About this task: Every record below should be repeated exactly. Omit the pictures.

Task data:
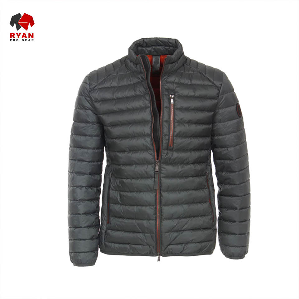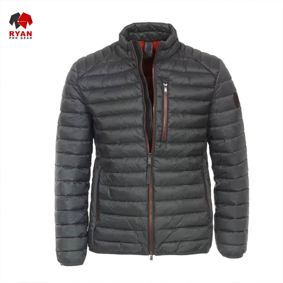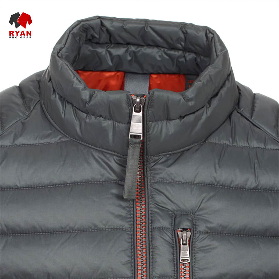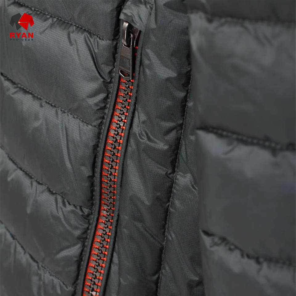 เสื้อแจ็คเก็ตพัฟเฟอร์แบบสั่งทำพิเศษสำหรับผู้ชาย ยี่ห้อ Ryan Pro Gear ผลิตจากผ้าระบายอากาศได้ดี พร้อมโลโก้แบบกำหนดเองและซิปปิด
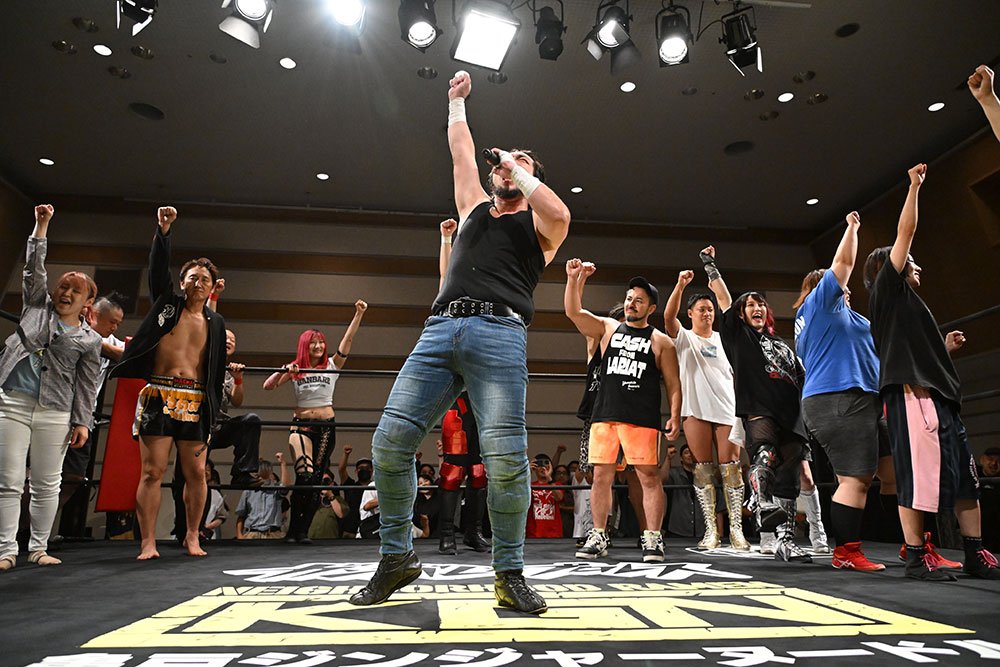代表の大家健選手の掛け声で大円団!会場がひとつに。(*ガンバレ☆プロレスさんご提供)
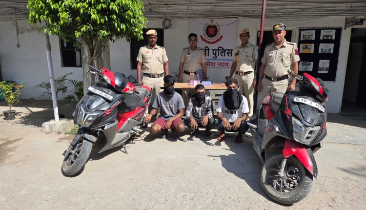 नई दिल्ली: दिल्ली के निहाल विहार इलाके में हुई सनसनीखेज डकैती की वारदात को पुलिस ने मात्र 10 घंटे में सुलझा लिया। निहाल विहार पुलिस स्टेशन की टीम ने त्वरित कार्रवाई करते हुए एक नाबालिग सहित चार बदमाशों को गिरफ्तार किया। इस कार्रवाई में चोरी का मोबाइल फोन, एक बटन वाला चाकू और दो चोरी की स्कूटी बरामद की गईं। पुलिस ने इस मामले में चार अलग-अलग आपराधिक मामलों को सुलझाने का दावा किया है।
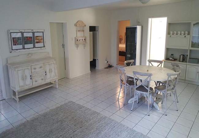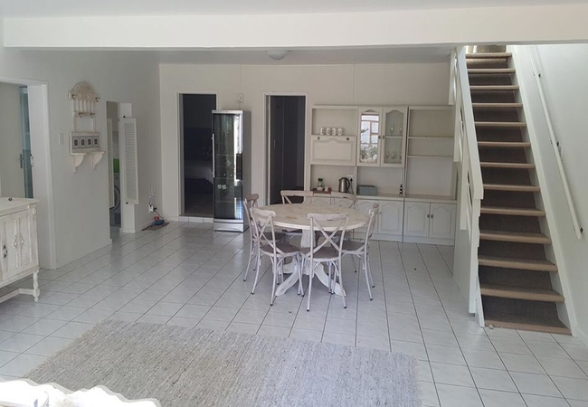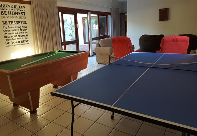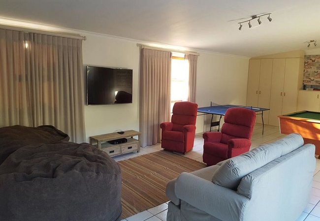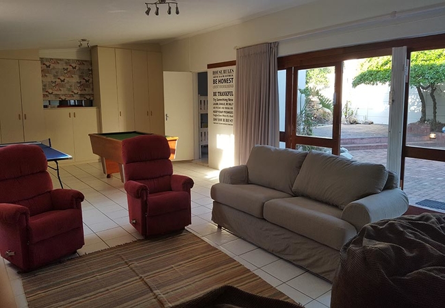 The spacious, open plan living area is comfortably furnished and includes DStv, a table tennis table and a pool table. There is a fully equipped kitchen and an eight seater dining table where meals can be enjoyed together.
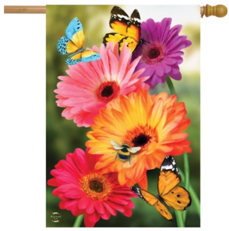 The Garden Gerer Daisies Spring House Flag measures 28 x 40, Artwork is printed on polyester material designed for outdoor display. Artwork is correctly readable on one side.

Expected answer:
 เสื้อแจ็คเก็ตพัฟเฟอร์แบบสั่งทำพิเศษสำหรับผู้ชาย ยี่ห้อ Ryan Pro Gear ผลิตจากผ้าระบายอากาศได้ดี พร้อมโลโก้แบบกำหนดเองและซิปปิด
代表の大家健選手の掛け声で大円団!会場がひとつに。(*ガンバレ☆プロレスさんご提供)
 नई दिल्ली: दिल्ली के निहाल विहार इलाके में हुई सनसनीखेज डकैती की वारदात को पुलिस ने मात्र 10 घंटे में सुलझा लिया। निहाल विहार पुलिस स्टेशन की टीम ने त्वरित कार्रवाई करते हुए एक नाबालिग सहित चार बदमाशों को गिरफ्तार किया। इस कार्रवाई में चोरी का मोबाइल फोन, एक बटन वाला चाकू और दो चोरी की स्कूटी बरामद की गईं। पुलिस ने इस मामले में चार अलग-अलग आपराधिक मामलों को सुलझाने का दावा किया है।
 The spacious, open plan living area is comfortably furnished and includes DStv, a table tennis table and a pool table. There is a fully equipped kitchen and an eight seater dining table where meals can be enjoyed together.
 The Garden Gerer Daisies Spring House Flag measures 28 x 40, Artwork is printed on polyester material designed for outdoor display. Artwork is correctly readable on one side.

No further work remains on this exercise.